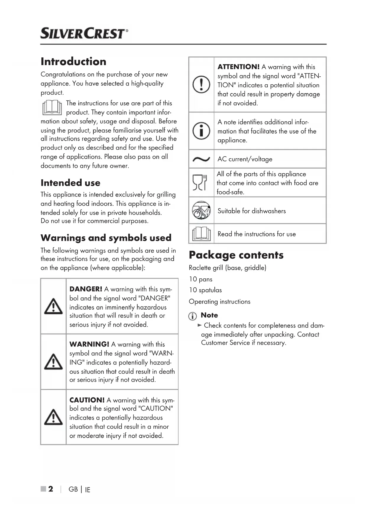 Introduction Congratulations on the purchase of your new appliance. You have selected a high-quality product. The instructions for use are part of this product. They contain important infor- mation about safety, usage and disposal. Before using the product, please familiarise yourself with all instructions regarding safety and use. Use the product only as described and for the specified range of applications. Please also pass on all documents to any future owner. Intended use This appliance is intended exclusively for grilling and heating food indoors. This appliance is in- tended solely for use in private households. Do not use it for commercial purposes. Warnings and symbols used The following warnings and symbols are used in these instructions for use, on the packaging and on the appliance (where applicable): DANGER! A warning with this sym- bol and the signal word "DANGER" indicates an imminently hazardous situation that will result in death or serious injury if not avoided. WARNING! A warning with this symbol and the signal word "WARN- ING" indicates a potentially hazard- ous situation that could result in death or serious injury if not avoided. CAUTION! A warning with this sym- bol and the signal word "CAUTION" indicates a potentially hazardous situation that could result in a minor or moderate injury if not avoided. ATTENTION! A warning with this symbol and the signal word "ATTEN- TION" indicates a potential situation that could result in property damage if not avoided. A note identifies additional infor- mation that facilitates the use of the appliance. AC current/voltage All of the parts of this appliance that come into contact with food are food-safe. Suitable for dishwashers Read the instructions for use Package contents Raclette grill (base, griddle) 10 pans 10 spatulas Operating instructions Note ► Check contents for completeness and dam- age immediately after unpacking. Contact Customer Service if necessary. IB_460256_SRGM1500B2_LB8.indb 2 11.06.2024 10:35:56GB
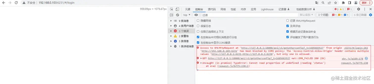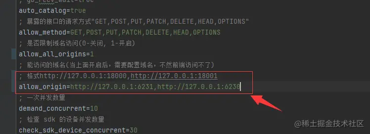 在排查中发现,当配置一个跨域域名时,可以正常访问接口,配置两个后就会出现跨域问题。
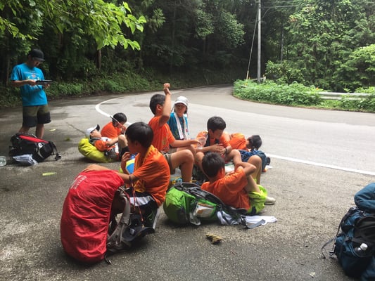 残りの行程は昨日の切り上げ分も含めて、あと8km。今の彼らの力では、苦にするような距離ではありません。15時過ぎ、本日の宿泊地である「仁淀川ふれあい公園キャンプ場」に到着しました。
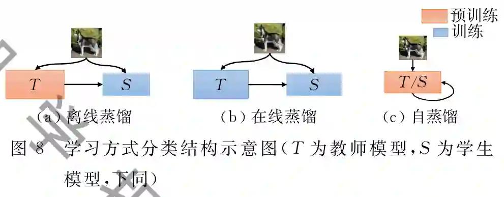 类似于人类教师和学生间的学习模式,神经网 络的知识蒸馏学习方式也有着多种模式.其中,学生 模型基于预训练好的、参数固定的教师模型进行蒸 馏学习被称为离线蒸馏.相应 地,教师和学生模型同时参与训练和参数更新的模 式则称为在线蒸馏.如果学生 模型不依赖于外在模型而是利用自身信息进行蒸馏 学习,则被称为自蒸馏学习,如图7 所示.一般而言,蒸馏框架都是由一个教师模型和一 个学生模型组成,而有多个模型参与的蒸馏称为多模型蒸馏;目前,大部分 蒸馏框架都是默认源训练数据集可用的,但最近的 很多研究在不使用任何已知数据集的情况下实现 蒸馏,这类统称为零样本蒸馏(又称为无数据蒸馏,).特别地,出于一些 隐私保护等目的,教师模型可以享有一些特权信息而 学生模型无法访问,在这种约束下,形成特权蒸馏 学习.接下来,将分别介绍不同蒸馏学习方式的代表性工作.
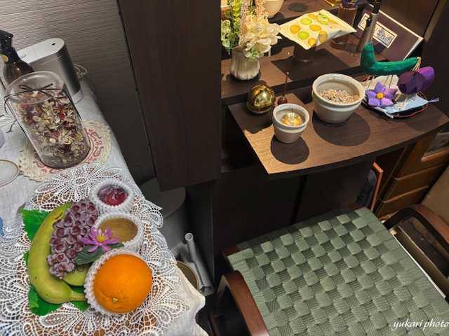 おはようございます。今年のお盆は、私が気管支炎になったせいで、簡素にしかお迎えの準備をすることができませんでした。そんな今年のお盆のしつらえです。お花は生花を買いに行けず。ちょうど少し前に買ったアーティシャルフラワーを飾りました。そして今年もちりめんの精霊馬を出しました。果物やビールやお酒はお供えできましたが、お野菜やほおずきは買いに行けずでした、、、。こちらを毎年飾っています。毎日、こちらの短いろうそくと香りが選べるお線香を使っています。今はラベンダーを使っています。日本酒はこちらをお供えしました。ビールは主人が好きなモルツを選びました。お供えの後に飲むのは主人ですから、、。母に習って、毎朝般若心経をお唱えしています。とても下手ですけど、、。意味を知って唱えたいからこちらも読みました。やっと気管支炎も治ってきたようで、咳も随分ましになりました。やはり吸入と薬が効きたのかな、、。今は、鼻水、咳、発熱の風邪が流行っているそうです。どうぞ皆さんもお気をつけください。#お盆最後まで読んでいただきありがとうございましたm(__)mこちらもよろしくお願いします↓↓↓インスタグラムはこちらのバナーより。お気軽に遊びに来てくださいね♪私の気になるもの、購入品を集めた「夢香里のROOM」です。にほんブログ村にほんブログ村にほんブログ村いつもご訪問&応援クリックありがとうございます。3つのカテゴリーに参加しています。よろしければ、どれか一つにクリックお願いします。
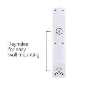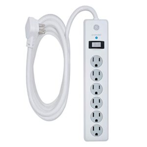 GE 6-Outlet Surge Protector, 10 Ft Extension Cord, Power Strip, 800 Joules, Flat Plug, Twist-to-Close Safety Covers, UL Listed, White, 14092
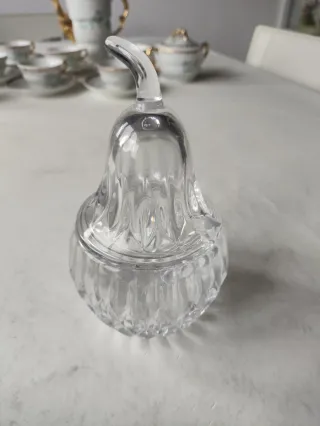 Este azucarero de cristal tallado tiene una encantadora forma de pera. - Diseño en forma de pera. - Cristal tallado con detalles. - Tapa a juego. - Entrega en mano en Cuarte de Huerva
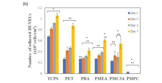Cell attachment and proliferation assays were performed using a 24-well plate (IWAKI, Tokyo, Japan). Initially, the 24-well plate was coated with PMPC (0.5 w/v%) and stored for drying. The precoated polymer substrates were thereafter fixed in the 24-well plate using glue on the back side of each substrate. The substrates were then cured under ultraviolet (UV) light for 30 min. Phosphate-buffered saline (PBS) was then added to the well and stored in the incubator for 1 h at 37 °C. Afterwards, PBS was removed, and culture media were added and incubated under the same conditions for another 1 h at 37 °C. HUVECs were seeded on the substrates at 1 × 104 cells/cm2 in serum-containing media and allowed to adhere and proliferate on the surface of the substrates for 1 d, 3 d, 5 d, and 7 d. The culture media were changed every two days for 3 d, 5 d, and 7 d. After cell cultivation, at specific time intervals, the cells were counted using a microplate analyzer from the standard curve prepared by the colorimetric WST-8 assay (Dojindo Laboratories, Kumamoto, Japan).
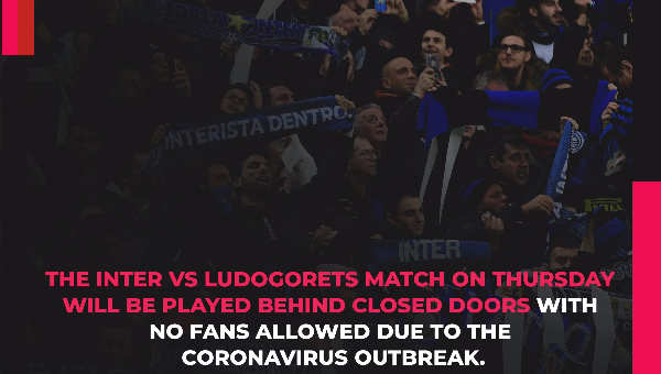 อินเตอร์ มิลาน ต้องลงเล่นในยูโรปา ลีก รอบ 32 ทีมสุดท้าย นัดสองกับ ลูโดโกเร็ตส์ แบบไม่มีคนดูเพื่อเลี่ยงไวรัสโคโรน่าจากการยืนยันของ ยูฟ่า

* * * * *

Retype the whole listing, keeping every line identical and omitting all pictures.

 Introduction Congratulations on the purchase of your new appliance. You have selected a high-quality product. The instructions for use are part of this product. They contain important infor- mation about safety, usage and disposal. Before using the product, please familiarise yourself with all instructions regarding safety and use. Use the product only as described and for the specified range of applications. Please also pass on all documents to any future owner. Intended use This appliance is intended exclusively for grilling and heating food indoors. This appliance is in- tended solely for use in private households. Do not use it for commercial purposes. Warnings and symbols used The following warnings and symbols are used in these instructions for use, on the packaging and on the appliance (where applicable): DANGER! A warning with this sym- bol and the signal word "DANGER" indicates an imminently hazardous situation that will result in death or serious injury if not avoided. WARNING! A warning with this symbol and the signal word "WARN- ING" indicates a potentially hazard- ous situation that could result in death or serious injury if not avoided. CAUTION! A warning with this sym- bol and the signal word "CAUTION" indicates a potentially hazardous situation that could result in a minor or moderate injury if not avoided. ATTENTION! A warning with this symbol and the signal word "ATTEN- TION" indicates a potential situation that could result in property damage if not avoided. A note identifies additional infor- mation that facilitates the use of the appliance. AC current/voltage All of the parts of this appliance that come into contact with food are food-safe. Suitable for dishwashers Read the instructions for use Package contents Raclette grill (base, griddle) 10 pans 10 spatulas Operating instructions Note ► Check contents for completeness and dam- age immediately after unpacking. Contact Customer Service if necessary. IB_460256_SRGM1500B2_LB8.indb 2 11.06.2024 10:35:56GB
 在排查中发现,当配置一个跨域域名时,可以正常访问接口,配置两个后就会出现跨域问题。
 残りの行程は昨日の切り上げ分も含めて、あと8km。今の彼らの力では、苦にするような距離ではありません。15時過ぎ、本日の宿泊地である「仁淀川ふれあい公園キャンプ場」に到着しました。
 类似于人类教师和学生间的学习模式,神经网 络的知识蒸馏学习方式也有着多种模式.其中,学生 模型基于预训练好的、参数固定的教师模型进行蒸 馏学习被称为离线蒸馏.相应 地,教师和学生模型同时参与训练和参数更新的模 式则称为在线蒸馏.如果学生 模型不依赖于外在模型而是利用自身信息进行蒸馏 学习,则被称为自蒸馏学习,如图7 所示.一般而言,蒸馏框架都是由一个教师模型和一 个学生模型组成,而有多个模型参与的蒸馏称为多模型蒸馏;目前,大部分 蒸馏框架都是默认源训练数据集可用的,但最近的 很多研究在不使用任何已知数据集的情况下实现 蒸馏,这类统称为零样本蒸馏(又称为无数据蒸馏,).特别地,出于一些 隐私保护等目的,教师模型可以享有一些特权信息而 学生模型无法访问,在这种约束下,形成特权蒸馏 学习.接下来,将分别介绍不同蒸馏学习方式的代表性工作.
 おはようございます。今年のお盆は、私が気管支炎になったせいで、簡素にしかお迎えの準備をすることができませんでした。そんな今年のお盆のしつらえです。お花は生花を買いに行けず。ちょうど少し前に買ったアーティシャルフラワーを飾りました。そして今年もちりめんの精霊馬を出しました。果物やビールやお酒はお供えできましたが、お野菜やほおずきは買いに行けずでした、、、。こちらを毎年飾っています。毎日、こちらの短いろうそくと香りが選べるお線香を使っています。今はラベンダーを使っています。日本酒はこちらをお供えしました。ビールは主人が好きなモルツを選びました。お供えの後に飲むのは主人ですから、、。母に習って、毎朝般若心経をお唱えしています。とても下手ですけど、、。意味を知って唱えたいからこちらも読みました。やっと気管支炎も治ってきたようで、咳も随分ましになりました。やはり吸入と薬が効きたのかな、、。今は、鼻水、咳、発熱の風邪が流行っているそうです。どうぞ皆さんもお気をつけください。#お盆最後まで読んでいただきありがとうございましたm(__)mこちらもよろしくお願いします↓↓↓インスタグラムはこちらのバナーより。お気軽に遊びに来てくださいね♪私の気になるもの、購入品を集めた「夢香里のROOM」です。にほんブログ村にほんブログ村にほんブログ村いつもご訪問&応援クリックありがとうございます。3つのカテゴリーに参加しています。よろしければ、どれか一つにクリックお願いします。
 GE 6-Outlet Surge Protector, 10 Ft Extension Cord, Power Strip, 800 Joules, Flat Plug, Twist-to-Close Safety Covers, UL Listed, White, 14092
 Este azucarero de cristal tallado tiene una encantadora forma de pera. - Diseño en forma de pera. - Cristal tallado con detalles. - Tapa a juego. - Entrega en mano en Cuarte de Huerva
Cell attachment and proliferation assays were performed using a 24-well plate (IWAKI, Tokyo, Japan). Initially, the 24-well plate was coated with PMPC (0.5 w/v%) and stored for drying. The precoated polymer substrates were thereafter fixed in the 24-well plate using glue on the back side of each substrate. The substrates were then cured under ultraviolet (UV) light for 30 min. Phosphate-buffered saline (PBS) was then added to the well and stored in the incubator for 1 h at 37 °C. Afterwards, PBS was removed, and culture media were added and incubated under the same conditions for another 1 h at 37 °C. HUVECs were seeded on the substrates at 1 × 104 cells/cm2 in serum-containing media and allowed to adhere and proliferate on the surface of the substrates for 1 d, 3 d, 5 d, and 7 d. The culture media were changed every two days for 3 d, 5 d, and 7 d. After cell cultivation, at specific time intervals, the cells were counted using a microplate analyzer from the standard curve prepared by the colorimetric WST-8 assay (Dojindo Laboratories, Kumamoto, Japan).
 อินเตอร์ มิลาน ต้องลงเล่นในยูโรปา ลีก รอบ 32 ทีมสุดท้าย นัดสองกับ ลูโดโกเร็ตส์ แบบไม่มีคนดูเพื่อเลี่ยงไวรัสโคโรน่าจากการยืนยันของ ยูฟ่า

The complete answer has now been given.